The reason for the delay is the discovery of a vast concrete pumping station under the museum, according to a spokesman for the construction ministry who spoke to the Deutsche Presse Agentur. The station was put in place during the museum’s construction between 1910 and 1930 to remove water from the building site, and should have been removed once the work was over.
In order to reinforce the foundations, the pumping station has to be extracted but heavy machinery would risk damaging the museum’s prize attraction, the Pergamon Altar. The altar, which is more than 2,000 years old, has been packed up behind scaffolding and protective sheets during the renovation.
Hermann Parzinger, the president of the Prussian Cultural Heritage Foundation that oversees Museum Island, says he was, “to put it mildly, shocked” at the spiralling costs and the delays. Parzinger has proposed a temporary solution to display parts of the Pergamon Altar. In an interview with Deutschlandradio, he said the new solution would be presented publicly in the next few days.

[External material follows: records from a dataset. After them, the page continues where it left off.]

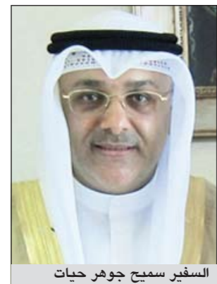
السفير سميح جواهر حيات

بعض النوافذ والزجاج وقطع الكهرباء والاتصالات في حين خرج الناس إلى الشوارع خشية أن تقع المباني على رؤوسهم. من جهة، أفاد رئيس حكومة المنطقة الفيدرالية وعمدة العاصمة مارسيلو أبرارد بأن الأجهزة الحكومية الفيدرالية تقوم حالياً بأقصى طاقاتها للطوارئ وتقوم حالياً بمسح شامل للمباني والمواقع الحيوية في العاصمة اثر تصدع كثير من المباني وذلك لتقييم الأضرار التي أحدثها الزلزال.
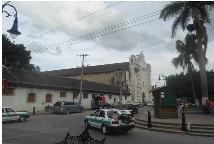
Foto 21. Visita de un costado del Parque y de la Iglesia San Isidro de Polonia. 2015.
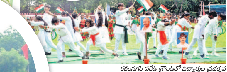
కరీంనగర్ పరేడ్ గ్రౌండ్ లో విద్యార్థుల ప్రదర్శన
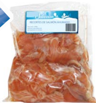
Salmón Ahumado recortes. Fr.: 125 00926. Cong.: 125 00352
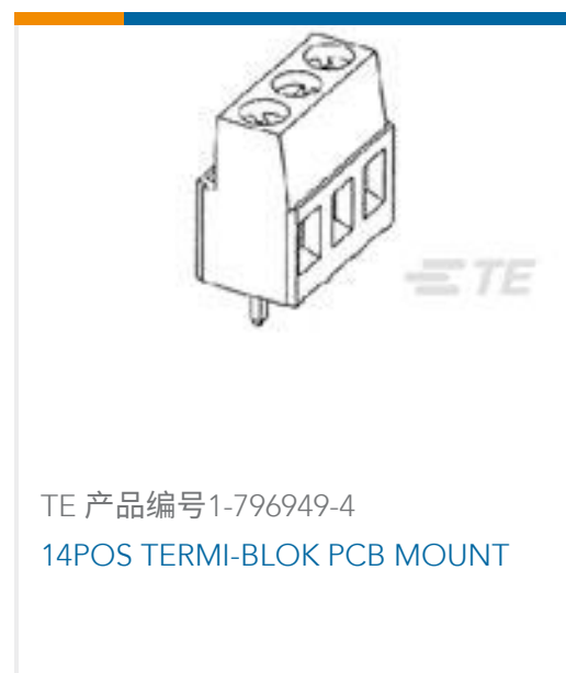
TE 产品编号1-796949-4 14POS TERMI-BLOK PCB MOUNT
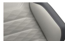
Кожа "Savona" Mistral/ Grigio (VD)
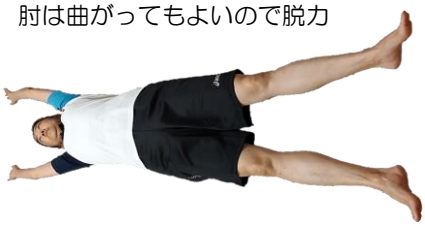
肘は曲がってもよいので脱力

② ①の姿勢のまま天井側の肘だけ90度に曲げ、曲げた肘を骨盤に近づけていきながら上体を真横に起こします。①⇔②を繰り返します。
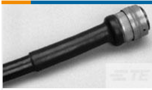
TE 产品编号6886964011 ATUM-9/3-X-SP

The Pergamon, on Museum Island, is the most-visited museum in Berlin and one of the city’s biggest tourist attractions, with around one million visitors a year. Most of it is still accessible to visitors during renovations. The five museums on the island are being restored one at a time. The Neues Museum, Bode Museum and Neue Nationalgalerie have already been completed. The restoration of the Altes Museum will follow that of the Pergamon. A new central visitor centre for the island, the James Simon Gallery designed by the British architect David Chipperfield, is also under construction. The whole complex was due to be finished in 2025, but the delays at the Pergamon throw that timeframe into doubt.